To diagnose an esophageal stricture doctors will probably perform two or more of the following tests:

  • Esophagoscopy: In this test doctors use a camera called an esophagoscope to visualize the esophagus. This can be performed awake, in the doctor’s office, with a thin camera passed through the nose or under sedation, in an operative suite, with the camera passed through the mouth. In either case, the entire esophagus is visualized, allowing for evaluation for a possible stricture.
  • Esophageal Manometry: An esophageal manometry measures the rhythmic muscle contractions, and the coordination and force exerted by the muscles, that occur in the esophagus when a person swallows. During this test, a thin, flexible tube (catheter) that contains sensors is passed through the nose, down the esophagus, and into the stomach. (The throat and nose are numbed for this test.) Patients will be asked to take small sips of water and swallow on command during the test.
  • Modified Barium Swallow Study (MBS): During this test patients are asked to swallow a variety of substances that are coated with barium, a whitish paste that lights up during an X-ray, enabling the examiner to determine how well these substances are moving through the mouth, pharynx, and esophagus. The test will show if the upper esophageal sphincter is not relaxing or if foods or liquids are blocked as they pass through the esophagus.
  • Flexible Endoscopic Evaluation of Swallowing (FEES): FEES is an instrumental examination of swallowing that allows the examiner to view food and liquid as it passes through the throat. Doctors pass a small flexible fiberoptic scope through the nose and hold it above the larynx to view the swallow.

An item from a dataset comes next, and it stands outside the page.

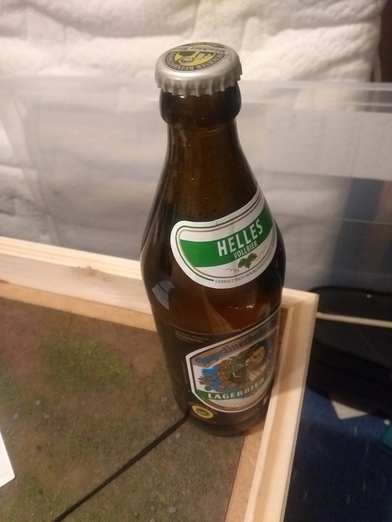 Bier als Gewicht zum Beschwerung der Trennlinie für die Aufstellung "Refused Flank". Wir spielen die Mission "Capture the Flags", also Scorer töten. Wird ein spaßiges Spiel gegen Marcos Beast Herds. 😄
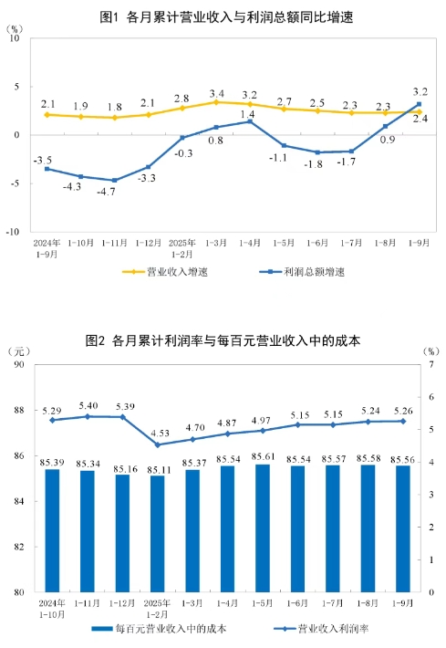 1—9月份,規(guī)模以上工業(yè)企業(yè)實(shí)現(xiàn)營(yíng)業(yè)收入102.08萬(wàn)億元,同比增長(zhǎng)2.4%;發(fā)生營(yíng)業(yè)成本87.34萬(wàn)億元,增長(zhǎng)2.6%;營(yíng)業(yè)收入利潤(rùn)率為5.26%,同比提高0.04個(gè)百分點(diǎn)。其中,造紙和紙制品業(yè)實(shí)現(xiàn)營(yíng)業(yè)收入10375.7億元,同比下降2.1%;印刷和記錄媒介復(fù)制業(yè)實(shí)現(xiàn)營(yíng)業(yè)收入4772.1億元,同比下降2.1%。 9月末,規(guī)模以上工業(yè)企業(yè)資產(chǎn)總計(jì)186.27萬(wàn)億元,同比增長(zhǎng)5.0%;負(fù)債合計(jì)107.96萬(wàn)億元,增長(zhǎng)5.2%;所有者權(quán)益合計(jì)78.31萬(wàn)億元,增長(zhǎng)4.7%;資產(chǎn)負(fù)債率為58.0%,同比上升0.1個(gè)百分點(diǎn)。 9月末,規(guī)模以上工業(yè)企業(yè)應(yīng)收賬款27.22萬(wàn)億元,同比增長(zhǎng)5.7%;產(chǎn)成品存貨6.71萬(wàn)億元,增長(zhǎng)2.8%。 1—9月份,規(guī)模以上工業(yè)企業(yè)每百元營(yíng)業(yè)收入中的成本為85.56元,同比增加0.18元;每百元營(yíng)業(yè)收入中的費(fèi)用為8.36元,同比減少0.16元。 9月末,規(guī)模以上工業(yè)企業(yè)每百元資產(chǎn)實(shí)現(xiàn)的營(yíng)業(yè)收入為74.7元,同比減少1.9元;人均營(yíng)業(yè)收入為185.6萬(wàn)元,同比增加6.2萬(wàn)元;產(chǎn)成品存貨周轉(zhuǎn)天數(shù)為20.2天,同比增加0.2天;應(yīng)收賬款平均回收期為69.2天,同比增加3.3天。 9月份,規(guī)模以上工業(yè)企業(yè)利潤(rùn)同比增長(zhǎng)21.6%。 國(guó)家統(tǒng)計(jì)局工業(yè)司首席統(tǒng)計(jì)師于衛(wèi)寧解讀2025年1—9月份工業(yè)企業(yè)利潤(rùn)數(shù)據(jù)表示,1—9月份,各地區(qū)各部門認(rèn)真落實(shí)更加積極有為宏觀政策,培育壯大新經(jīng)濟(jì)增長(zhǎng)點(diǎn),高技術(shù)制造業(yè)、裝備制造業(yè)等新質(zhì)生產(chǎn)力較快增長(zhǎng),疊加低基數(shù)效應(yīng)影響,規(guī)模以上工業(yè)企業(yè)利潤(rùn)增速繼續(xù)回升。具體表現(xiàn)為:工業(yè)企業(yè)利潤(rùn)加快恢復(fù);工業(yè)企業(yè)營(yíng)收增長(zhǎng)加快;過(guò)半行業(yè)利潤(rùn)增長(zhǎng),六成行業(yè)增速回升;高技術(shù)制造業(yè)帶動(dòng)作用明顯;裝備制造業(yè)支撐有力,部分行業(yè)增長(zhǎng)較快;不同規(guī)模類型企業(yè)利潤(rùn)均有改善,私營(yíng)和外資企業(yè)利潤(rùn)明顯加快;營(yíng)收利潤(rùn)率回升。

How are esophageal strictures treated?

Treatment for an esophageal stricture depends on its causes and severity. Two important considerations in determining the best treatment for each patient are ensuring that he or she receives adequate nourishment and reducing his/her risk of pneumonia or other pulmonary infections. Treatment may include:

  • Esophageal Dilation: In this procedure, the doctor uses an endoscope equipped with a dilating balloon or plastic dilator to stretch or dilate the esophagus. If the esophageal stricture is severe, doctors may dilate it gradually through repeated procedures.
  • Medical management: If a stricture is related to gastroesophageal reflux disease (GERD), doctors will treat the condition with reflux medications.
  • Feeding Tube: In most severe cases, a stricture can lead to an inability to eat or drink completely or not enough to maintain proper nutrition. In these cases, a feeding tube is placed.